Cultural Resources Laws on the Internet

Home | Index by Charles T. Keally
August 12, 2001

The Japanese Early Palaeolithic fabrication scandal has caused considerable discussion of ethical and professional standards. Japanese archaeology effectively lacks clear, written codes for ethics and professional standards. The fact that Japan has one of the world's best laws for the preservation of cultural properties, and numerous government white papers and guidelines for conducting archaeological work, obscures the fact that (1) these laws, white papers and guidelines are not generally in the hands of the field archaeologists, or referred to by them, and (2) they are not available on the Internet on the Agency for Cultural Affairs's web site. (Note that the Ministry of the Environment does post its relevant laws and regulations on its web site [see links below].) Matters related to the law and regulations are generally handled by the local municipality office or the prefecture or the Agency for Cutural Affairs; these are not matters generally handled by the field director on an archaeological project.

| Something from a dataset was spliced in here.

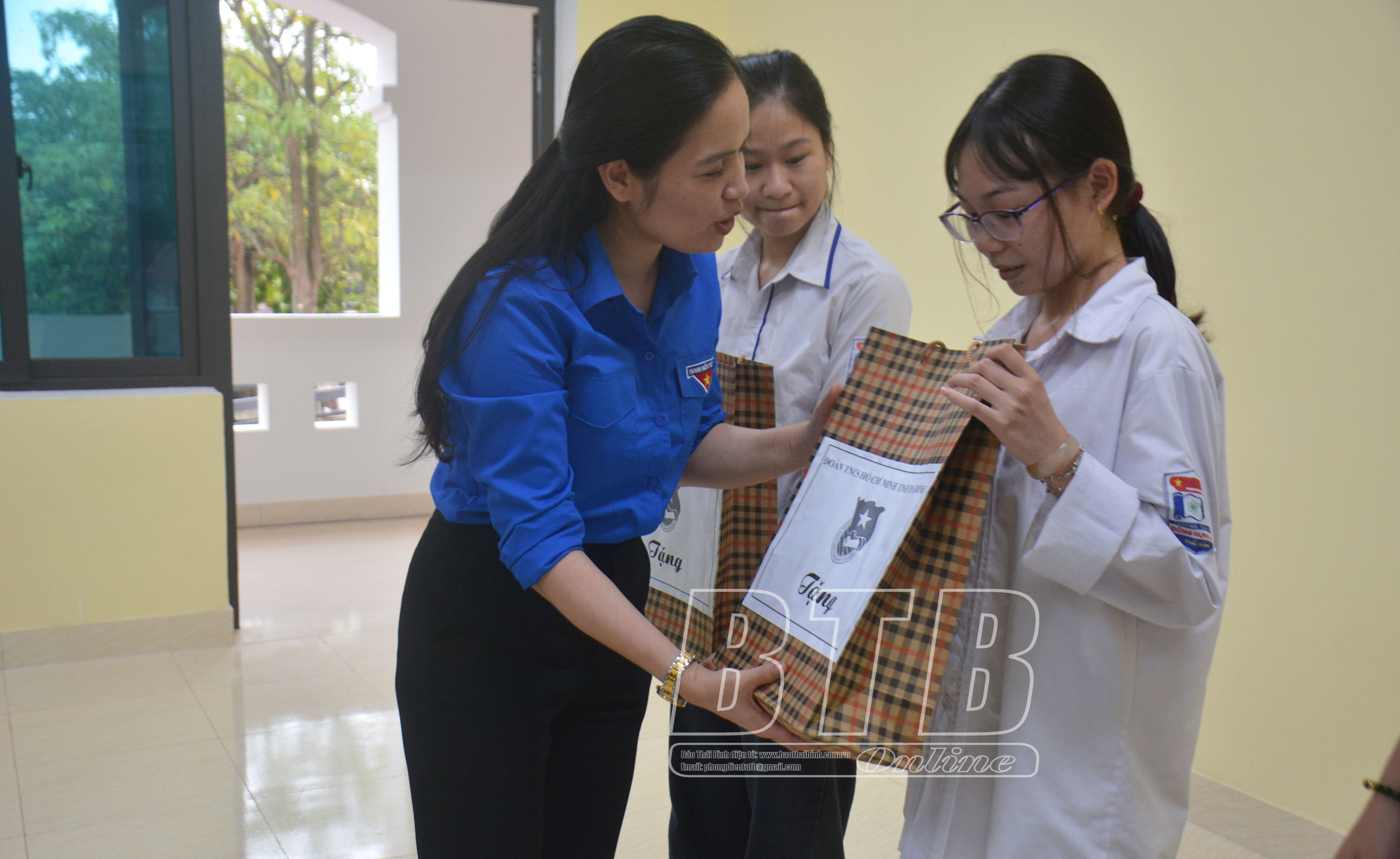 Lãnh đạo Tỉnh đoàn đã thăm hỏi, động viên, chúc các em học sinh tiếp tục vượt qua khó khăn để hoàn thành tốt kỳ thi tốt nghiệp THPT, đồng thời trao tặng các suất quà và tiền mặt (tổng giá trị 700.000 đồng/suất) để chia sẻ khó khăn với các em trong những ngày thi quan trọng sắp tới.

Moreover, in reports on archaeological work done under the law (contract archaeology), reference is made to the relevant laws and regulations in all the US reports I have seen, but not in any of the more than 1,000 Japanese reports in my possession.

These facts suggest to me that, in general, Japanese archaeologists have a low awareness of the laws and regulations under which they work. In such a context, it is expectable that there would also be a very low awareness of the need for clear, written codes of ethics and professional standards.